The problem wasn't that AI couldn't generate C++ code. It could. The problem was that it generated code like someone who'd read the standard but never actually compiled anything. It would suggest new without delete, mix up const and constexpr, and produce template errors that would make your compiler weep.
So we asked ourselves: what would it take to build AI that actually understands C++? Not "has seen C++ in training data" but genuinely comprehends memory management, template instantiation, and the subtle difference between undefined behavior and implementation-defined behavior.
The answer turned out to be: a lot. We needed specialized tokenizers that treat std::vector as a single concept. We needed training data curated specifically for C++, with comments that explain the why, not just the what. We needed integration with actual debuggers so our models could see code running, not just sitting in text files.

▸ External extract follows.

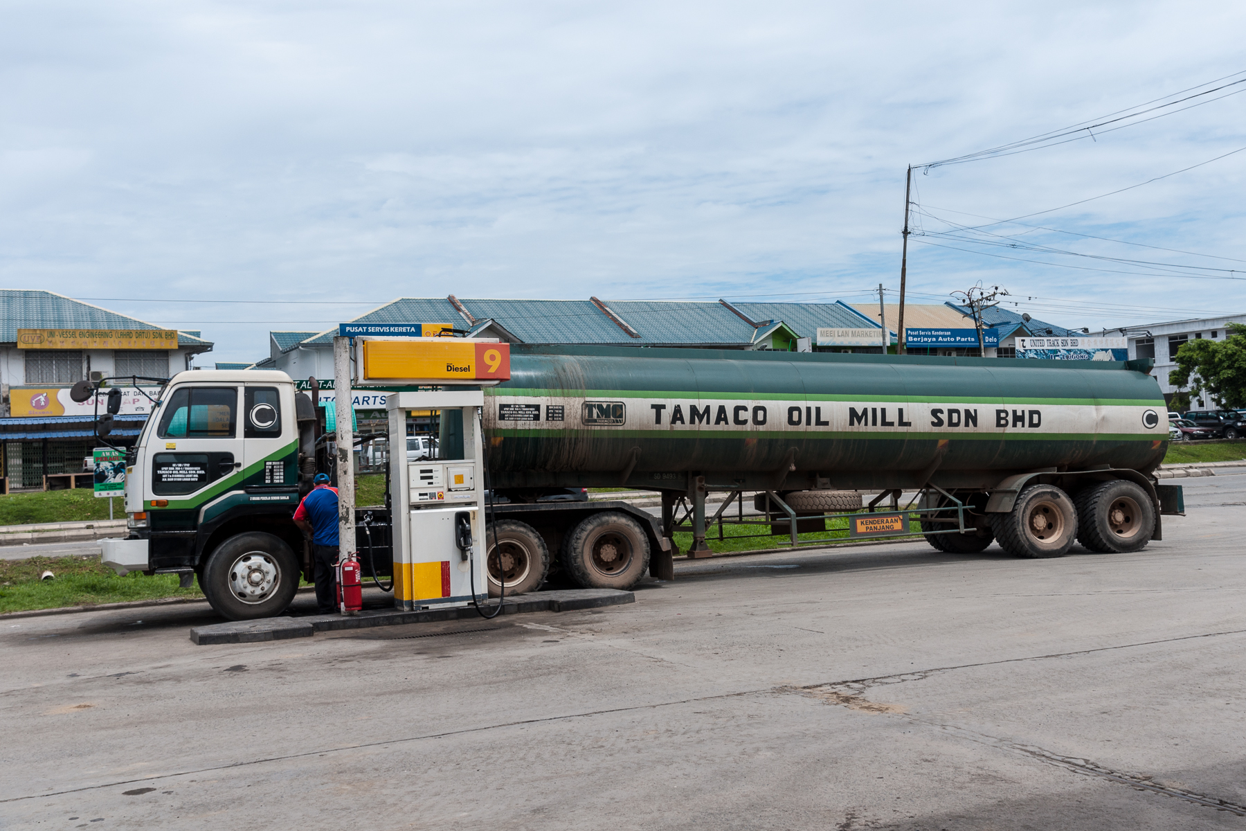 Lahad Datu, Sabah: Truck with Crude Palm Oil from Tamaco Oil Mill Sdn Bhd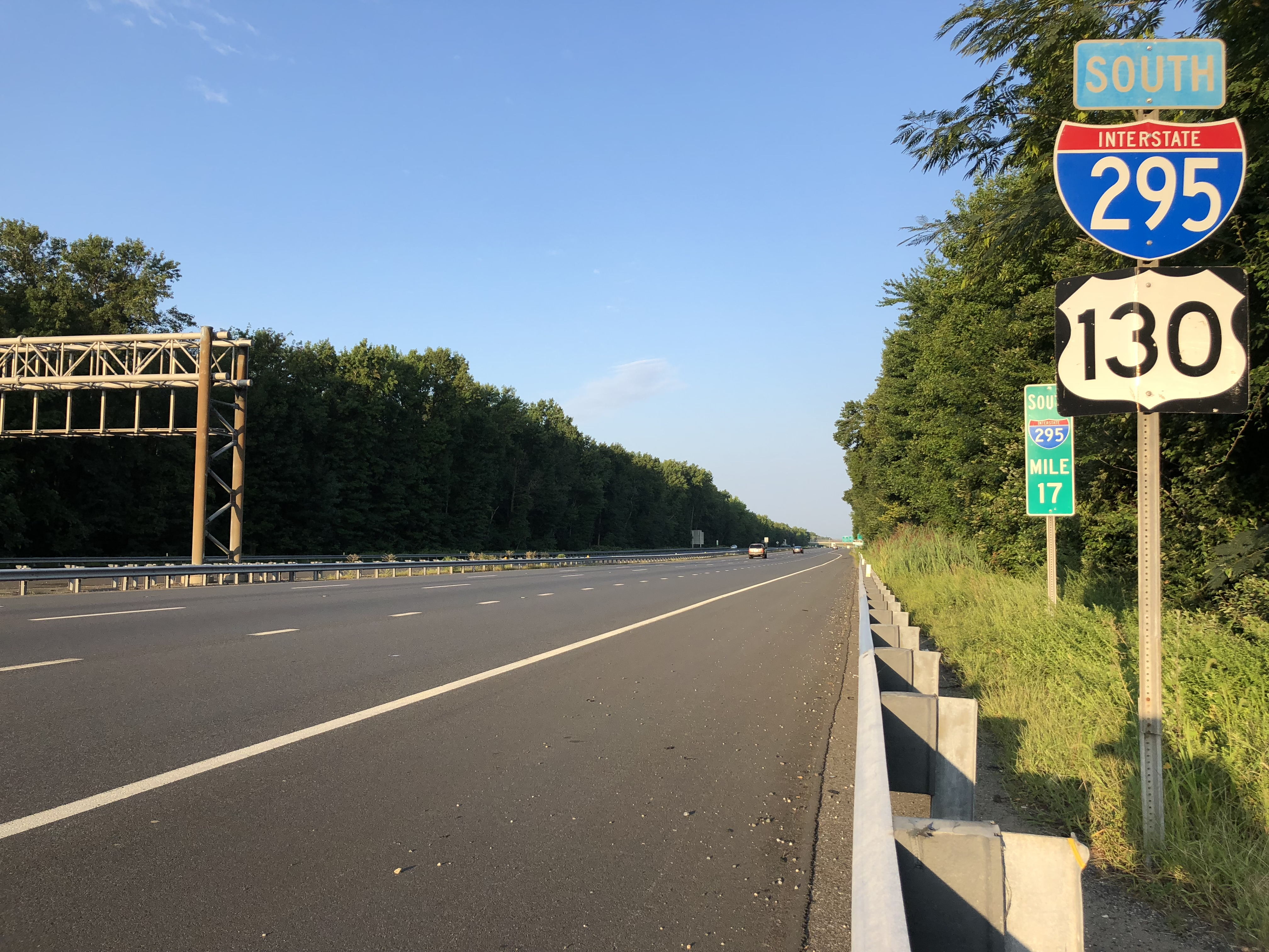 View south along Interstate 295 and U.S. Route 130 just south of Exit 17 in Greenwich Township, Gloucester County, New Jersey

And we needed a real training stack, not a notebook. Our nanochat POC proved out the architecture, then cppmega became the production training base: Megatron integration, GB10 and Blackwell support, FP16/BF16 training, NVFP4 inference, reproducible pinned runs.
One intense year later, here we are. A small company with big ambitions, building the infrastructure for the next generation of C++ development.
What We Believe
Specialization Over Scale
We believe in doing one thing exceptionally well rather than doing everything adequately. C++ deserves dedicated tools, not afterthoughts.
Ground Truth Matters
Our models don't guess what code does—they observe it running. Debugger integration isn't a feature, it's a philosophy.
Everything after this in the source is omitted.